Sexting case. Our client was investigated by police for sexting on his cell phone, involving several juveniles. We communicated with the police and prosecutor before any filing decision was made, and the prosecution declined to file.
Possession of knife at school case dismissed. Our client was arrested for possessing a knife at juvenile hall. We noticed our client seemed to have some developmental delays so we asked the court to appoint a psychologist to assess him for developmental disability. Based on the psychologists’s report our client was referred to the local Regional Center for developmental services, which he will be able to receive for the rest of his life. Over the objection of the prosecution, the court dismissed the juvenile delinquency case.
Misdemeanors only after contest. Our client was charged with several sexual assault and battery charges against multiple girls, and a weapon offense. We fought the case at a contested hearing in front of the judge. While the judge found our client committed most of the offenses, he was convinced by our mitigating evidence and argument that the client should not have any felonies on his record. He was placed on juvenile probation for misdemeanors only.
SCHOOL DISCIPLINE DEFENSE
Napa Football Hazing. Our client was alleged to have participated in hazing as part of the Napa High School football team in 2016. Napa High School officials recommended our client be expelled. The first step of an expulsion process is a hearing to extend the student’s suspension pending the expulsion hearing. We contested the extension of our client’s suspension, and won that hearing. Our client was allowed to remain in school, and the school ultimately decided not to follow through with the efforts to expel him.
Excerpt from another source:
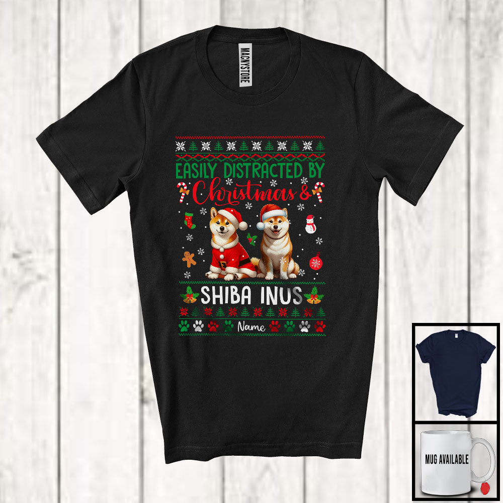 Personalized Custom Name Easily Distracted By Christmas Shiba Inus; Lovely Sweater Santa Dog T-Shirt

Pleasanton Middle School suspensions. Three middle school students in Pleasanton were suspended for failing to report misconduct of another student. We appealed the suspension at the district level and the suspensions were immediately reversed.
Berkeley High School suspensions reversed. Two Berkeley High School students were suspended, one for posting an emoji approving an offensive Instagram post, and the other for sending a text message the school believed constituted bullying. The school failed to comply with proper procedures in both instances. On appeal to the district, both suspensions were reversed on procedural grounds.